The British Medical Association says patients may be wasting time and money by paying for tests such as breast cancer screening and whole body CT scans. Patients spent £65m on screening last year in the UK, and the market is expanding.

But the BMA warns that unregulated screening, which often gives unreliable results, is diverting scarce NHS resources away from the genuinely sick and increasing anxiety for screened patients.

Dr Vivienne Nathanson, the BMA's head of science and ethics, says private tests often identify problems that will never develop into a major health concern. This can result in invasive tests, serious surgery and increased anxiety for patients.

The BMA's report, Population Screening and Genetic Testing, highlights the difference between private screening of apparently healthy people and formal screening programmes supported by the NHS.

It warns that whole-body CT scans, offered by some commercial companies, cause many false alarms.
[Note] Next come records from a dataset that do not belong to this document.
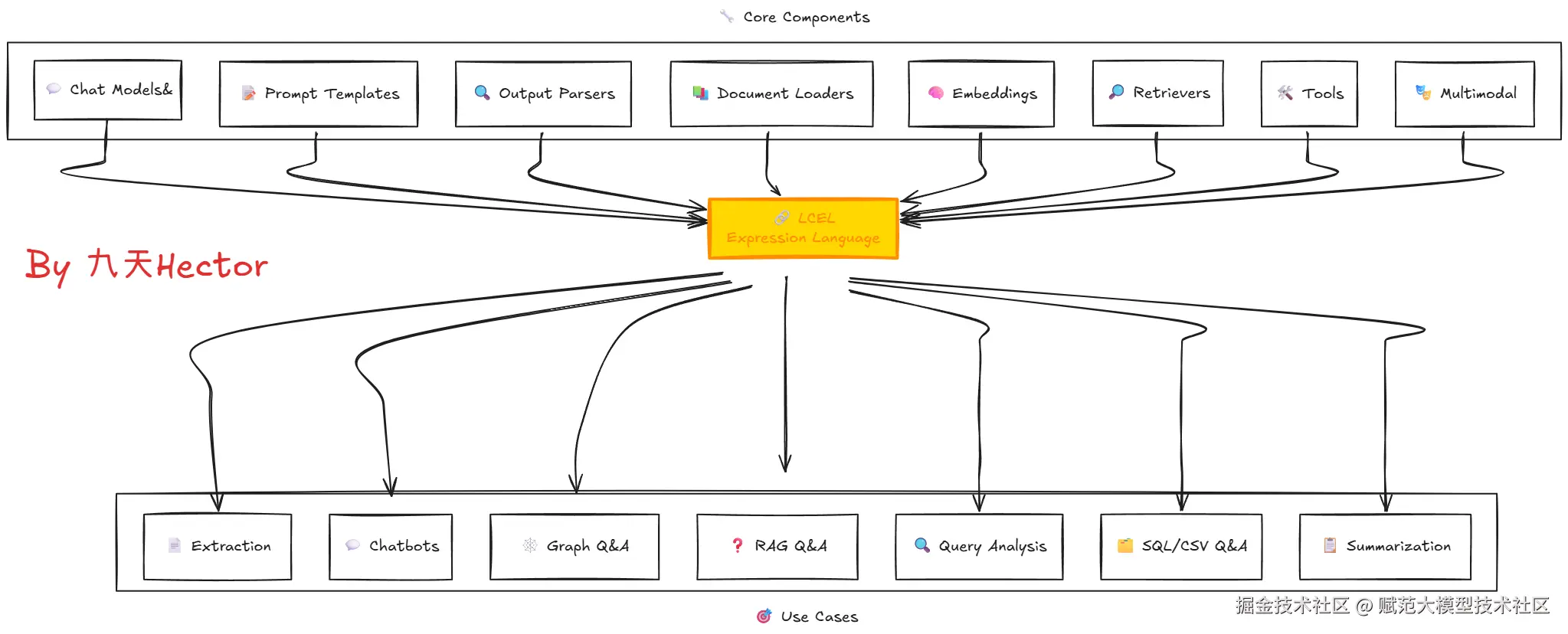 大模型本质上无法直接解决实际的问题,仅仅是一个能够分析、推理和生成文本的黑盒。直到现在,所有的开发者们仍然在不断探索如何把大模型的强大能力与实际应用场景结合起来,而当时LangChain的出现,直接让大模型开发变得简单起来,它将大模型开发过程中常用的功能、工具、流程等等全部封装成一个个的组件,使开发者可以像搭乐高积木一样,快速的组合出适用于不同场景需求的大模型应用。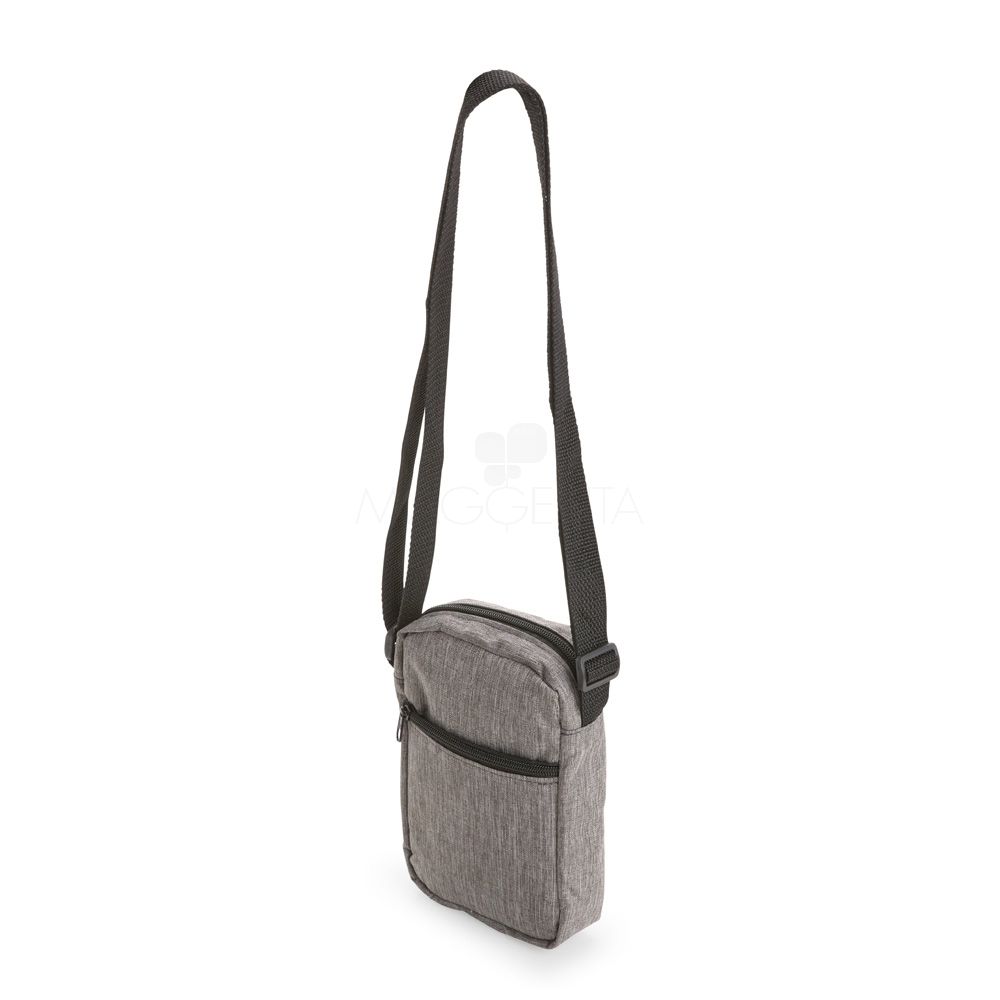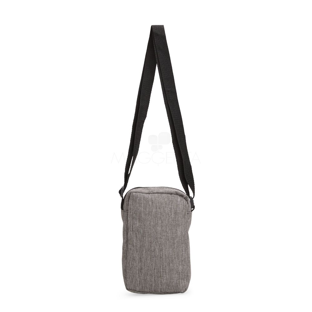 Bolsa de ombro resistente à água, confeccionada em poliéster mesclado com PVC, com fechamento em zíper e alça ajustável. Possui divisória em tela de nylon no compartimento interno e um bolso frontal para a organização de objetos.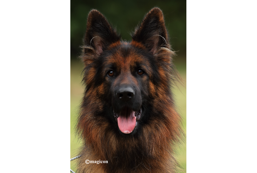 Keurbericht | Aan de grootte grens staande typvolle teef met goede verhoudingen. Zeer fraaie kleur. Normale schoft met gewelfde rug, afvallende kroupe, voor en achter goed gehoekt. Kon wat meer voorborst hebben, wat smalle borstkas. Stapt en draaft wat tenenwijd. Drift, Zelfverzekerheid, Belastbaarheid uitgesproken. DNA |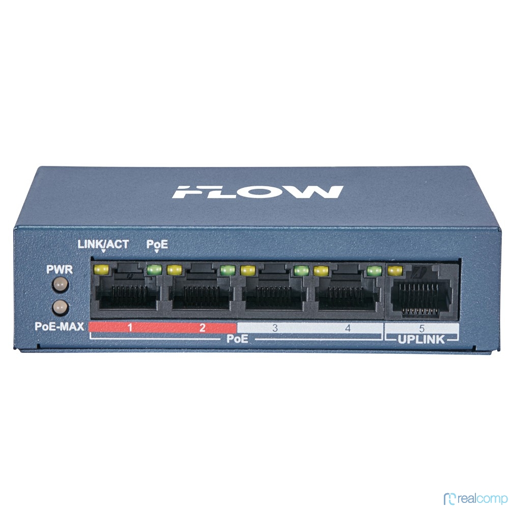 iFLOW F-SW-EU205POE-V/L L2, неуправляемый, 4 порта, 1 uplink порт 10/100M RJ45, 802.3af/at, бюджет PoE 35 Вт, поддержка режима передачи до 300м,10Мб/с, CAT6; защита от перенапряжения 6 кВ
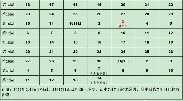 (二)中学2022年2月18日教师返校,2月19日学生报到注册,2月21日正式行课,到7月15日结束,共计二十一周(含复习考试和学校机动时间)。暑假从2022年7月16日开始到8月25日结束。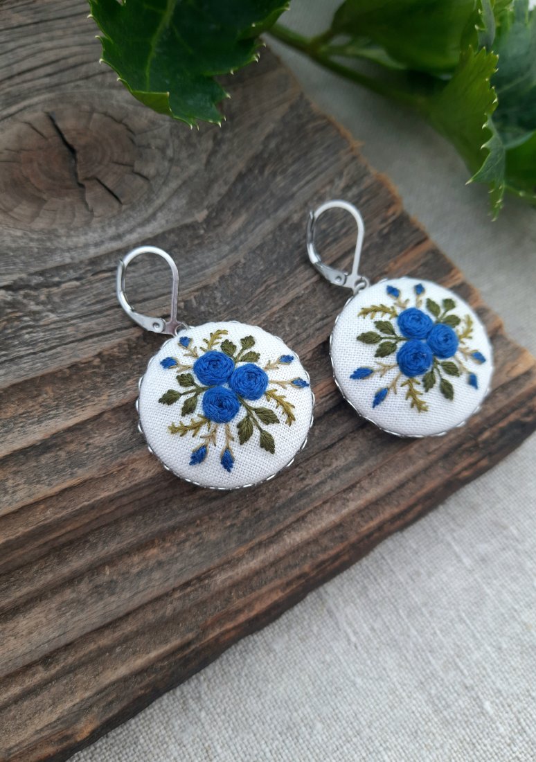 Kolczyki o średnicy 2,5 cm z ręcznie wyhaftowanym motywem kwiatowym w kolorze niebieskim i zielonym. Haft wykonałam na bawełnianej tkaninie. Baza i bigle angielskie są ze stali nierdzewnej.

Public health consultant Dr Steven Laitner said: "Some people may have lung surgery thinking they have had cancer picked up early by having the scan but they may never have developed lung cancer."

He said that a CT scan had 100 times the dose of ionising radiation as a chest X-ray, and at these doses around one in 2,000 people could develop a fatal cancer.

The report says mammograms are useful in detecting breast cancer in women aged 50 to 70, as offered by the NHS programme. But there is no evidence that they are of use for under-fifties.

The prostate-specific antigen (PSA) test for prostate cancer can give similarly misleading results. Two-thirds of men tested with high PSA do not have prostate cancer.

The report highlights the importance of recognising the implications of genetic testing. Dr Nathanson says it is vital people are not excluded from insurance because of genetic tests, especially as tests are developed for more conditions.

A Department of Health spokesman said: "Patients who have concerns about genetic diseases should seek advice from their GP who can then refer them to specialist genetic services if this is appropriate."

The private health provider Bupa agrees that everyone who has screening should be fully aware of the risks and benefits.